ASSIGNED TASK
Every line below that includes the word "Blauwe" needs to be copied.

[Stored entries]

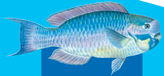
Stiphed parotfis Steephead parrotfish ( Chlorurus microrhinos )
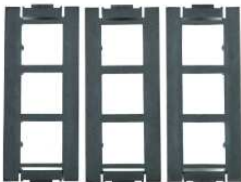
3 puszki montażowe GBPM6D
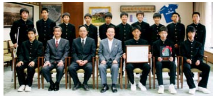
「第7回春の全国中学生ハンドボール選手権大会」 男子の部で優勝 市立滝尾中学校 男子ハンドボール部
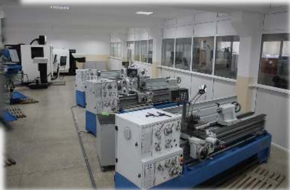
Универсальные токарно-винторезные станки Z 51200
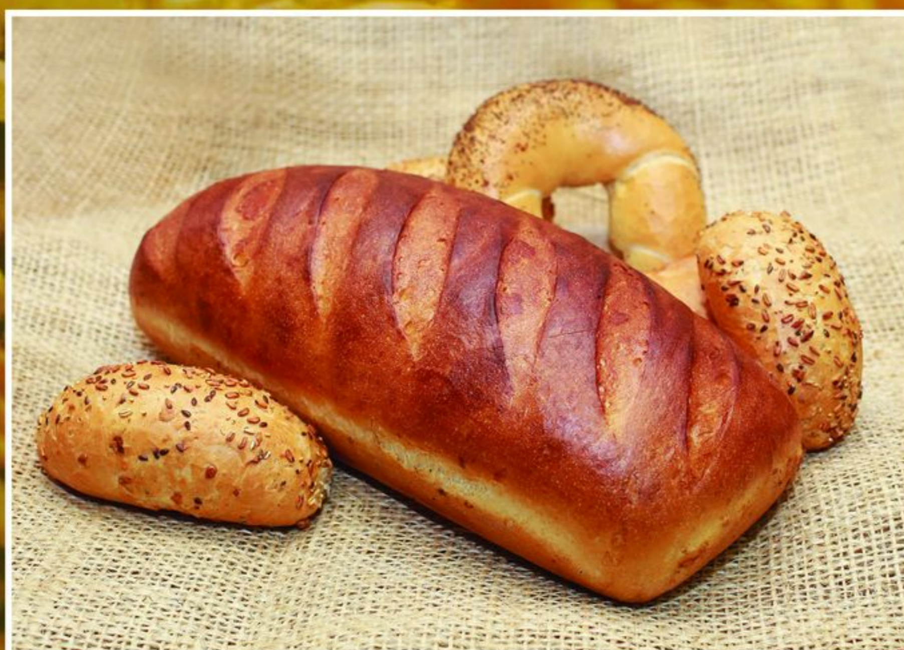
CHLEB OLIWSKI 1,10KG
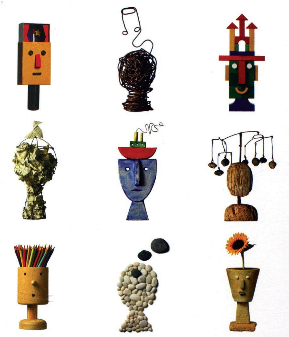
Imaxe 1: Colección de "cabezas pensantes". Deseño: Carlos Sánchez Lacaste (ilustracións : Pep Carrió, proxecto gráfico: José Luís de Hijos, fotografías: Enrique Cotarelo)
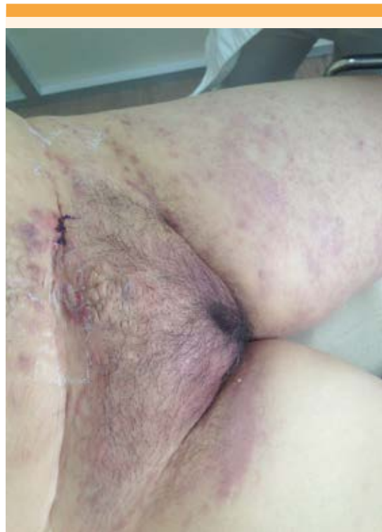
Figura 1. Combinación de máculas, nódulos y pápulas en grupos y aisladas en el abdomen, pubis y ambos miembros pélvicos, se aprecia el edema de la piel.

Al momento de aparición de la dermatosis, los principales síntomas de la paciente eran: ardor y prurito en el área de las lesiones. Recibió tratamiento dermatológico sintomático, sin éxito, en la actualidad permanece en tratamiento sistémico.
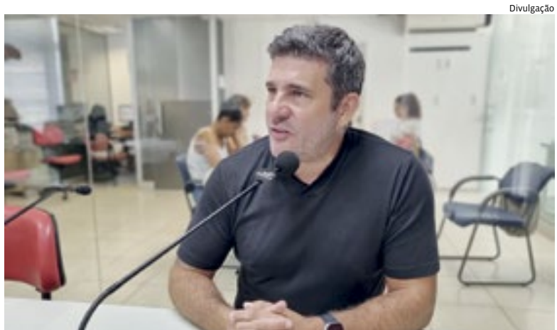
Basson no programa Difusora 360, onde também falou de facções no Equador

ção prevista pelo Código Penal, que, segundo ele, tem feito a impunidade aumentar. Política 3
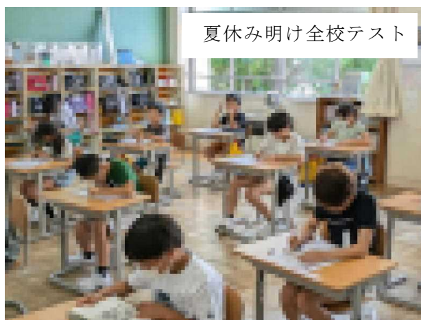
夏休み明け全校テスト
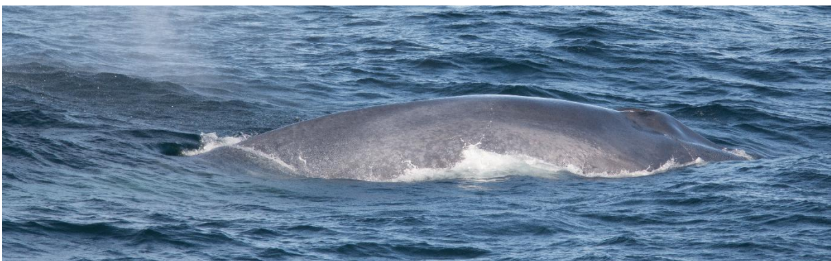
Blauwe Vinvis

Na drie kwartier houden we het voor bekeken. De Blauwe vinvis liet haar kop en eindeloze rug vele keren prachtig zien en leek hoegenaamd niet verstoord door onze aanwezigheid. Iedereen gaat weer slapen. Ik blijf nog een beetje treuzelen in dat mooie licht. En net als ik wil vertrekken is er een andere wakkere die opnieuw een blow opmerkt. Een kleinere dit keer. Een Bultrug! Het slapen wordt weer uitgesteld. Het schip zal niet naderbij varen maar wat vertragen. We zien het dier een aantal keer ademen en twee keer zien we de gekende staart naar boven komen. Schitterend! Maar dan is het genoeg, ik moet en zal nog wat slapen. Er dobbert nog snel een eerste Walrus voorbij, maar die is voor maar een enkeling weggelegd.

EXERCISE RESULT
Blauwe Vinvis
Na drie kwartier houden we het voor bekeken. De Blauwe vinvis liet haar kop en eindeloze rug vele keren prachtig zien en leek hoegenaamd niet verstoord door onze aanwezigheid. Iedereen gaat weer slapen. Ik blijf nog een beetje treuzelen in dat mooie licht. En net als ik wil vertrekken is er een andere wakkere die opnieuw een blow opmerkt. Een kleinere dit keer. Een Bultrug! Het slapen wordt weer uitgesteld. Het schip zal niet naderbij varen maar wat vertragen. We zien het dier een aantal keer ademen en twee keer zien we de gekende staart naar boven komen. Schitterend! Maar dan is het genoeg, ik moet en zal nog wat slapen. Er dobbert nog snel een eerste Walrus voorbij, maar die is voor maar een enkeling weggelegd.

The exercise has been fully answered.